- Gold weakens after several Federal Reserve officials expressed reluctance to cut interest rates yet.
- However, the market still sees a high probability of a cut in September.
- XAU/USD pulls back after an upside breakout invalidates the orthodox head-shoulder pattern.
He Gold (XAU/USD) drops to around $2,310 on Wednesday as investors mull comments from Federal Reserve (Fed) officials, who continue to show reluctance to cut interest rates amid persistently high inflation. The expectation that interest rates will remain high is negative for Gold, as it keeps the opportunity cost of holding the asset without a coupon yield high.
Gold drops sharply and steadily on hawkish Fed comments
Gold is down modestly on Wednesday after a drop of more than half a percentage point the previous day. Several Fed officials took the stand one after another and said they believe it is still too early to cut interest rates.
Fed Governor Lisa Cook said that “at some point, it will be appropriate to cut rates,” but added that keeping them at their current level was the right strategy at this time “to respond to the economic outlook.”
Fed Governor Michelle Bowman said on Tuesday that it was not yet appropriate to cut interest rates. Inflation data would need to be moving more sustainably toward the Fed’s 2.0% target before it was time to “taper down the policy rate.” At the same time, he added that baseline estimates indicated inflation was on track toward target as long as the Fed kept policy as is “for some time.”
On Monday, San Francisco Fed President Mary Daly said she did not believe the Fed should cut rates before it was more confident that inflation was headed toward 2.0%. However, she also warned against focusing too much on inflation to the detriment of the labor market. If unemployment continued to rise, the Fed might have to cut rates to support businesses and maintain employment, according to Reuters.
Market-based odds of a rate cut at (or before) the Fed’s September meeting have fallen overnight from 67% to 66%, according to the CME’s FedWatch tool, which calculates the odds using prices of Fed funds futures. Such a cut would be a bullish event for Gold.
Of key interest to Gold traders will be the US Personal Consumer Price Index (PCE) for May, due to be released on Friday, the Federal Reserve’s (Fed) preferred inflation gauge. A lower than expected result would increase the chances that the Fed will proceed with an early rate cut and support the price of Gold. The opposite would be the case if inflation rises.

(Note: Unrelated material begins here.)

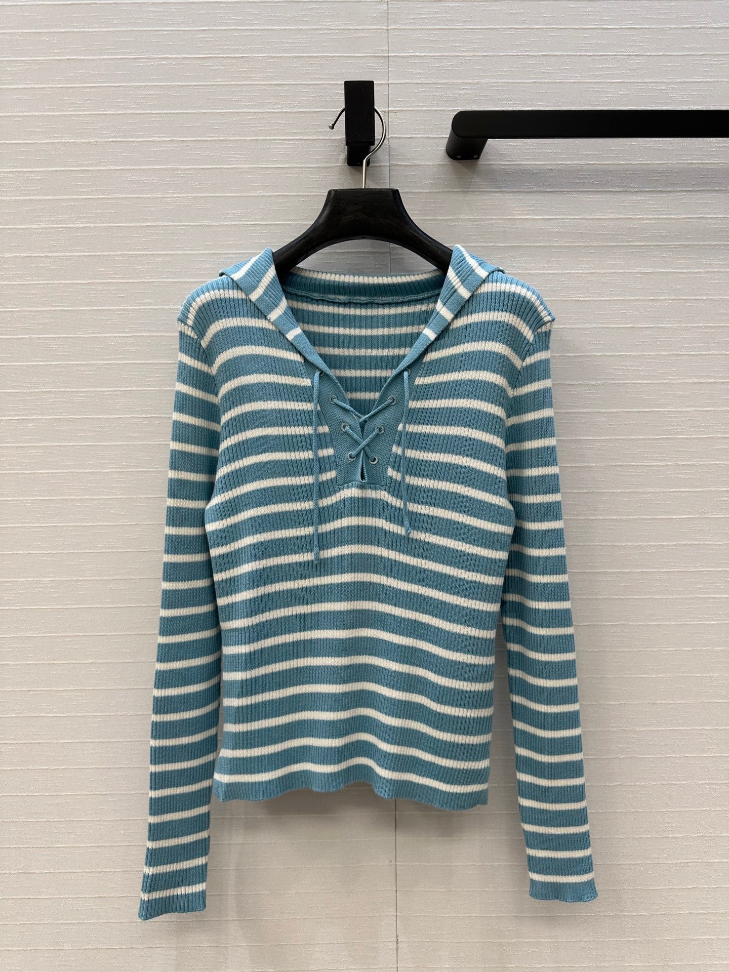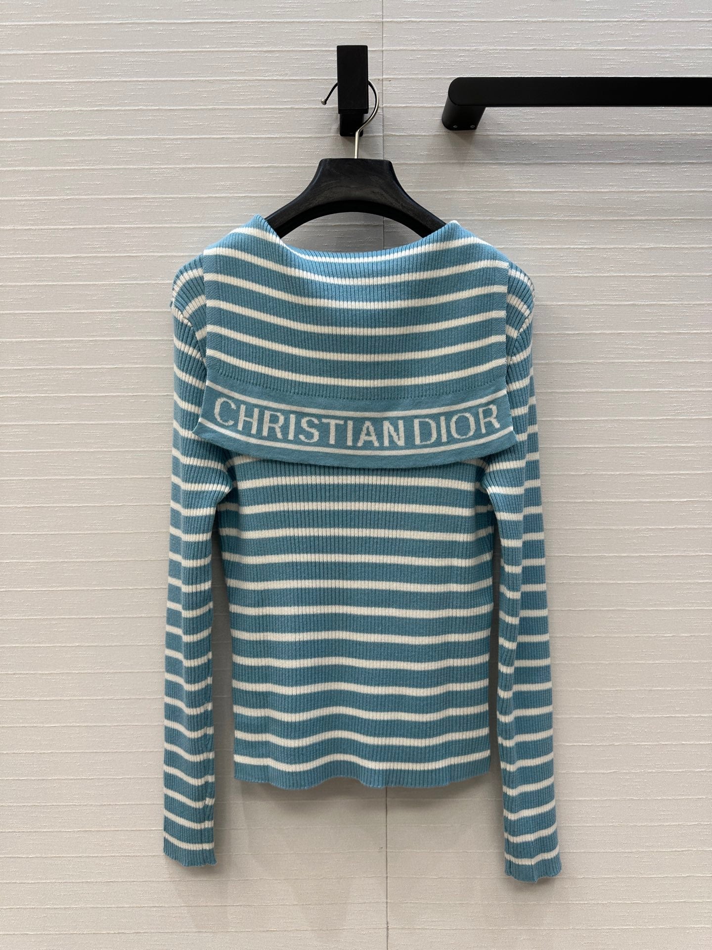 CD Navy Style Collared Sweater Ligth Blue mix White Wool

Technical Analysis: Gold declines towards key support
Gold moves down towards key support and the neckline of a possible top pattern at $2,279 – a break below that level would signal a strong move lower.
XAU/USD Daily Chart
The XAU/USD pair has been forming a bearish Head and Shoulders (H&S) pattern for the past three months. However, the June 20 breakout has called the validity of the pattern into question. That said, a more complex top pattern is still possible that could prove bearish.
If so, then a break below the pattern’s neckline at $2,279 would provide confirmation of a reversal to the downside, with a conservative target at $2,171, and a second target at $2,105.
At the same time, it is also possible that Gold finds support and continues higher. Gold’s original breakout above the trendline and 50-day SMA was supposed to hit an initial, conservative target of $2,380 (June 7 high), and it’s still possible to hit that target despite the recoil.
However, it would require a break above $2,350 to confirm a move towards the June 7 high. A further break above that level could signal a continuation towards the May – and all-time – high at $2,450.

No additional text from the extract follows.